* **RECORDS SUPPLIED**:
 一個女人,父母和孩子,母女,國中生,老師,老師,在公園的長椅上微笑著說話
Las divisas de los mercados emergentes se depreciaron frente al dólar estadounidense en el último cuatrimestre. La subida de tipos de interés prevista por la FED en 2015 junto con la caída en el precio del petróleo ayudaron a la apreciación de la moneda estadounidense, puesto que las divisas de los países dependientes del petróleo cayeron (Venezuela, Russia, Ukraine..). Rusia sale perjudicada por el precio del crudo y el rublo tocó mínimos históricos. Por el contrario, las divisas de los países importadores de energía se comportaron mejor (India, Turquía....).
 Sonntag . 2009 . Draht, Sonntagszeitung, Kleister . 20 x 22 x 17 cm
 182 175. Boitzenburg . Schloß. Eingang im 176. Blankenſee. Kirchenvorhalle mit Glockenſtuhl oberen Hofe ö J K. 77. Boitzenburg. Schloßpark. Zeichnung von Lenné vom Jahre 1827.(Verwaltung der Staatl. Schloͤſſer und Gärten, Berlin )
...
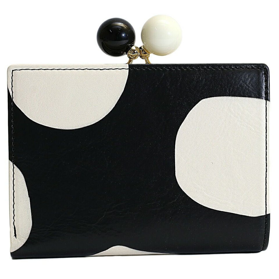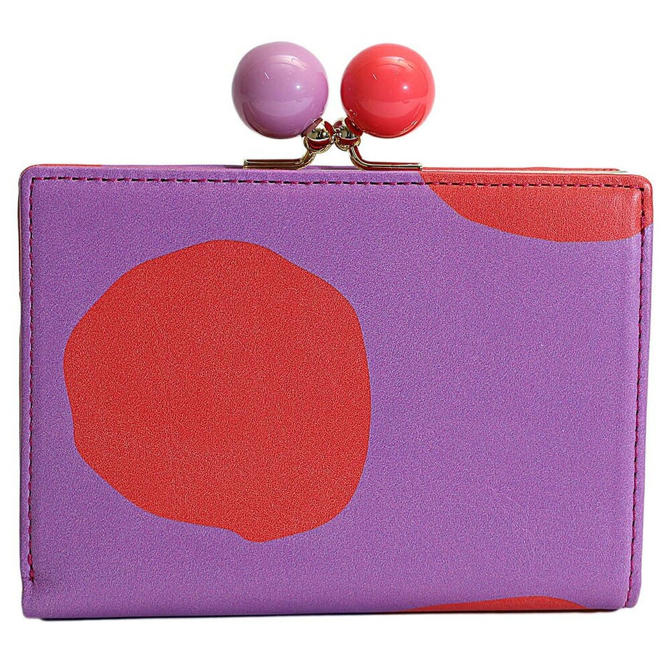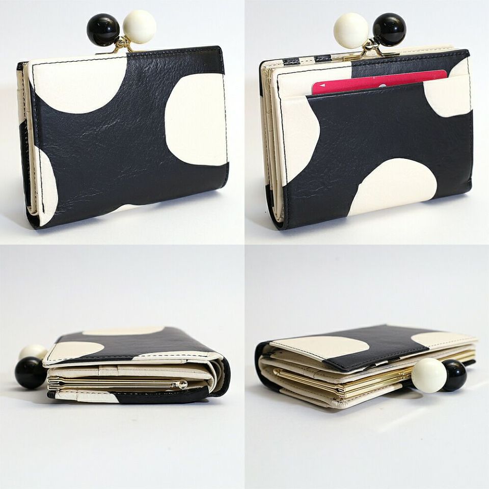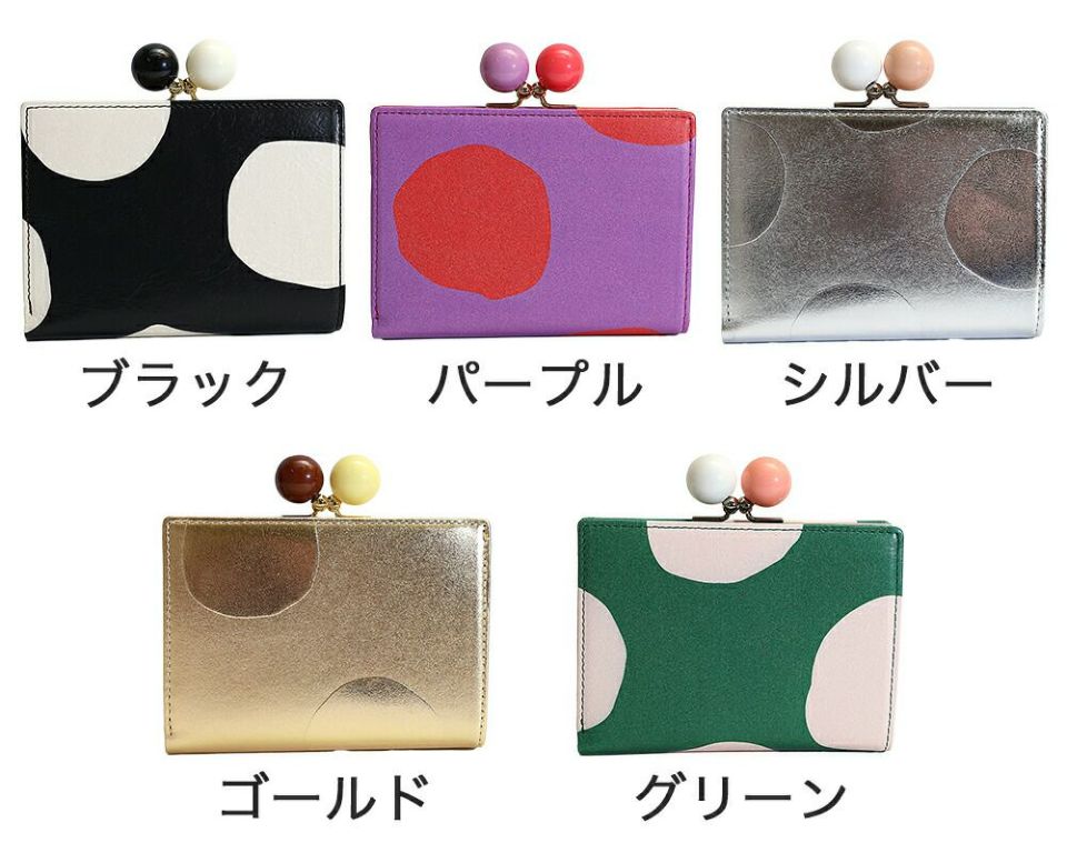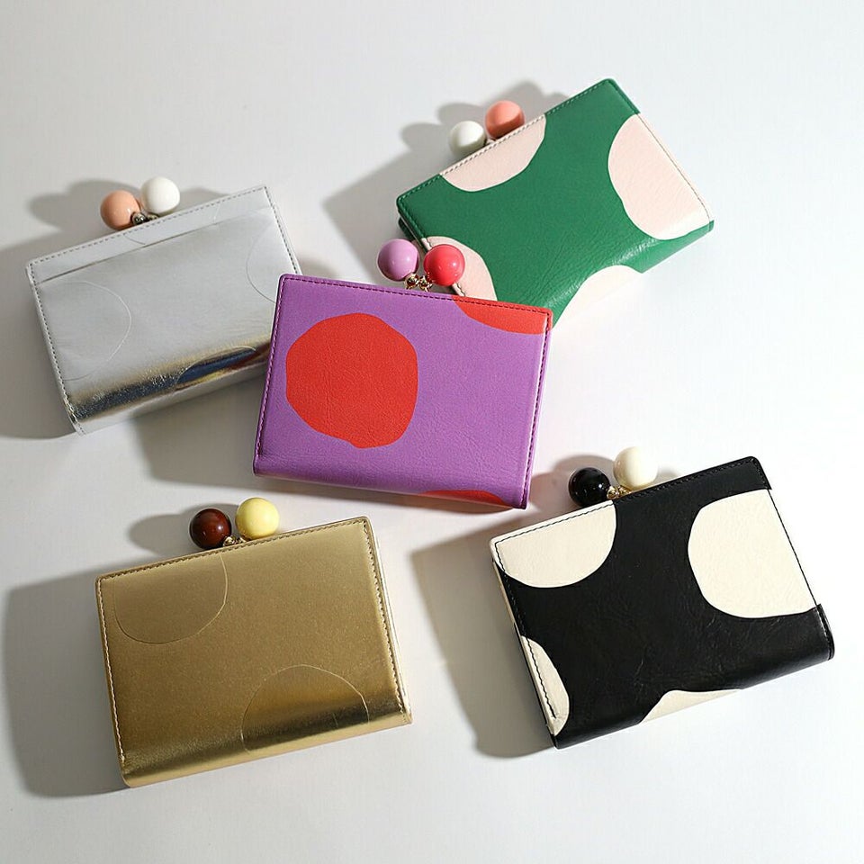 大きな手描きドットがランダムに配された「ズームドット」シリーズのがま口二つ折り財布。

* **DESCRIPTION OF THE TASK**:
Retype only the stretch of lines above starting at the one with "一個女人,父母和孩子,母女,國中生,老師,老師,在公園的長椅上微笑著說話" and stopping at the one with "182 175. Boitzenburg", exactly as written, with both kept.

* **ANSWER TO THIS EXERCISE**:
 一個女人,父母和孩子,母女,國中生,老師,老師,在公園的長椅上微笑著說話
Las divisas de los mercados emergentes se depreciaron frente al dólar estadounidense en el último cuatrimestre. La subida de tipos de interés prevista por la FED en 2015 junto con la caída en el precio del petróleo ayudaron a la apreciación de la moneda estadounidense, puesto que las divisas de los países dependientes del petróleo cayeron (Venezuela, Russia, Ukraine..). Rusia sale perjudicada por el precio del crudo y el rublo tocó mínimos históricos. Por el contrario, las divisas de los países importadores de energía se comportaron mejor (India, Turquía....).
 Sonntag . 2009 . Draht, Sonntagszeitung, Kleister . 20 x 22 x 17 cm
 182 175. Boitzenburg . Schloß. Eingang im 176. Blankenſee. Kirchenvorhalle mit Glockenſtuhl oberen Hofe ö J K. 77. Boitzenburg. Schloßpark. Zeichnung von Lenné vom Jahre 1827.(Verwaltung der Staatl. Schloͤſſer und Gärten, Berlin )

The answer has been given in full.